Monday afternoon brought a call from the job agency. Apparently my services were required once more for the next couple of days so was I happy to go back? Of course I was! Cha-ching!! So I arrived the following day slightly more confident as I now knew these people. For the next couple of days I got on with the job at hand and continued to make tea and go to lunch at 12 as no one else wanted this slot. Then the Big Man called me into his office and threw a curve ball! He only went and asked me if I'd like to continue working there as a temp and perhaps go permanent! Surely this was too easy?? I was unsure but agreed to 'give it go'. I would have to test these people.

Thursday morning, I entered the office with what one might describe as 'swag'. If there was a possibility of me being part of this company, I needed to know that I'd fit in. I was ready to peal off the next layer of my onion and show then what was underneath...

First things first. I needed to let them know that I was to be regarded as equal and there was only one way to do this. I refused to say the words they had  all become accustomed too, so by half past ten, not one person had had a cup of tea. That's two whole hours in to the day! It amazed me! It was fine yesterday when  I was just a faceless temp but not now I'd basically been offered a job! It was only a matter of time that my tea making skills would be required but this mental tug of war would continue another half hour or so. It was the administrator who was stupid enough to say, 'Oooh, you know what Ashley? I think everyone could do with a cup of tea...?' she smiled sweetly.
'Is that so?' I said smiling equally as sweet. 'Funny because I was actually wondering when I might be offered a cup of tea?' I raised an eyebrow so she knew I meant business. This was taking the absolute piss!
'TEA?' said one person. 'Oooh yes please!' With that, drawers were pulled open and frantic hands were searching for apparently dust covered mugs. I stood there in disbelief. Before I knew it, I'd taken a deep breath, broadened my shoulders, placed my hands on my hips and stated 'I cannot believe this. You LAZY lot. I have been waiting all morning to see if one of you would make me a cup of tea!' One by one, they hung their head in shame. I went over to collect the awaiting mugs and tutted with each retrieval. Bloody cheek of it! I reluctantly went off to make the most watery, crap, tea ever and handed them out to the sloths. First test: FAILED.
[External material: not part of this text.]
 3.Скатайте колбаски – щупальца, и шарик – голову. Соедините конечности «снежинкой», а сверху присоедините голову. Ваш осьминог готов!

11:45. I heard mutterings of lunch talk. 'So, what's going on with lunch?' I said, with not a trace of harbouring annoyance from the tea incident.
'Well' said the oldest member of the team, 'If we cover the phones. So you go at 12 and I go at 1.'
'Errr yeah, I don't really fancy 12 today. It makes the afternoon really long you see and I've been at 12 every day, including last week so I'd rather go at one.'
She gave me the death stare. It hurt. 'Well I'm going at 1.' she replied. And with that she swivelled around on her chair and said nothing more about it. FAILED!
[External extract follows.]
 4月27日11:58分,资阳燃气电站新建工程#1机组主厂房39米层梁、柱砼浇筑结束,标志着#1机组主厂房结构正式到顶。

Now let me explain. I didn't actually care about making the tea, or about going to lunch at 12. My issue was being treated like I didn't count. If someone had offered me tea, I probably would said not to worry I'll make it. And if they had asked me what lunch I'd like, I would have said 12 to show that I'm considerate. The problem was, these people weren't like that and I'd found that out with two very easy steps. Well done Ash, pat on the back. I'd saved myself some time there.

At 1 o'clock, I asked the Big Man if I could have a few minutes of his time and being quite a nice man he agreed. I broke the news that this position was not one I would be accepting and my reasons why. 'I'm not a tea lady.' I stated. But I was however willing to cover until he found someone else and if it wasn't for the fact that they were expecting me to stay on as permanent, I wouldn't have cared! Truly. So at 4 pm I left that office and doubt very much I shall return.

Oh well, no point in pretending to something I'm not and I am definitely not a push over.